A more formal explanation of risk management is when it is used to refer to a logical and formalised methodology of identifying, classifying, analysing and responding to risk – then monitoring and controlling the resultant management process to ensure that the risks involved remain effectively managed in the long term.
There are different risk management systems used by various organisations.
The design or framework should not be so much of an issue provided an organisation or individual understands what they are trying to achieve.
Risk management is a framework (Wallace et al., 2013) that involves the stages discussed below.
Risk context
This stage involves the establishment of where the risk lies within the organisation. The importance of this stage is to deal with the threat in the right context.
For example, is the risk at an operational level or strategic level? Simple answers to questions like: how will the risk impact the organisation or does the risk only impact one process or the entire organisation, helps in putting the risk into context.
Risk identification
The risk identification process brings to light all risks that are relevant to a particular process or functionality.
It is essential to identify all the possible dangers from both the internal and external environment.
Different techniques can be used to achieve this, such as brainstorming or a cause-and-effect strategy, i.e. where a process is analysed end to end.
Risk classification, analysis and evaluation
Once a risk has been identified, it is essential considering the type of risk and its effect on the organisation.
A simple risk map showing likelihood and impact can be constructed to help the organisation have a better understanding of the risk.
Risk attitude
Risk appetite is concerned with the attitude of the decision-maker or the organisation and the effects that can have on risk assessment.
The decision can either be a risk-taker or a risk-averse person. This attitude has a big part to play on the decisions that the organisation will take, for example on the decision to take insurance; a risk-averse person is likely to take up more insurance than a risk-taker.
Risk response
The next stage is to decide what to do with the identified risk; to keep it or transfer it.

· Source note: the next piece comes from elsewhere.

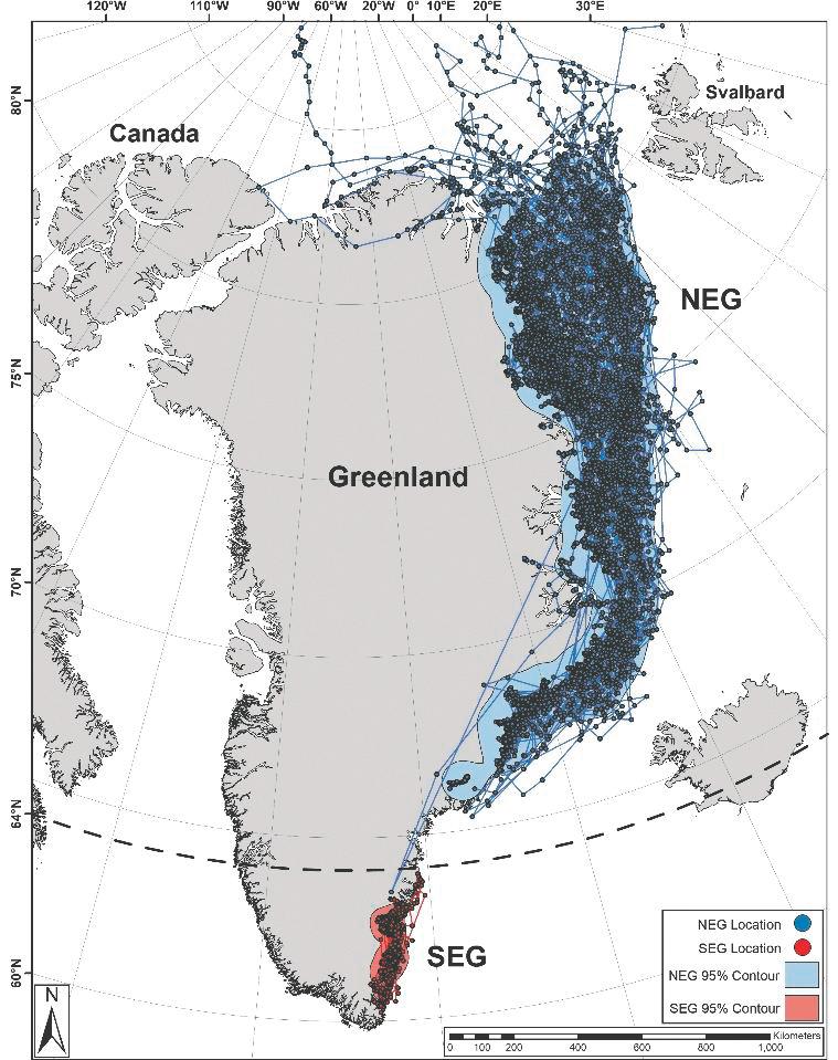 Figur 4. Områder som udnyttes af isbjørne i hhv. Sydøstgrønland (SEG, rød) og Nordøstgrønland (NEG, blå) baseret på positioner modtaget fra satellitsendere, der sad på voksne hunner (1993-2021). De to grupper var adskilt af en ca. 150 km lang strækning, der på nær en enkel, var uden positioner (1).

It includes introducing the risk-handling strategy in the business plan and establishing a risk holder and response where appropriate.
At this stage, insurance becomes a critical option. Further analysis needs to be done on what type of insurance to take or if self-insurance be considered.
Monitoring and review
Once decisions have been made on which risk management system to implement, what follows is monitoring and review.
Risk management is not a one-off exercise; it is something done continuously through feed and formal documentation to ensure that there are ongoing control and monitoring.
Any sound risk management system should be adequate.
There is no point in having an excellent design that is not effective.
It must be able to respond to the risks as they occur, and the system should take a holistic view of the enterprise-wide risk management system (EWR).
It brings in the aspect of interconnectedness.
Risks should not be viewed in isolation. It is crucial to understand how one risk impacts other departments of an organisation.
For example, a simple threat of failing to renew a trading licence by one member of staff can result in closing an otherwise profitable business.
Any risk management system should be pragmatic.
It does not make sense to have a sophisticated system which is unrealistic or too complicated to understand.
The risk management system must be practical.
Lastly, any effective risk management system needs to be cost-effective.
The benefits or advantages should outweigh the disadvantages.
For example, it does not make logical sense to spend US$10,000 to save US$1,000. Notwithstanding, investment in risk management should be an organisation’s policy which must be budgeted for accordingly.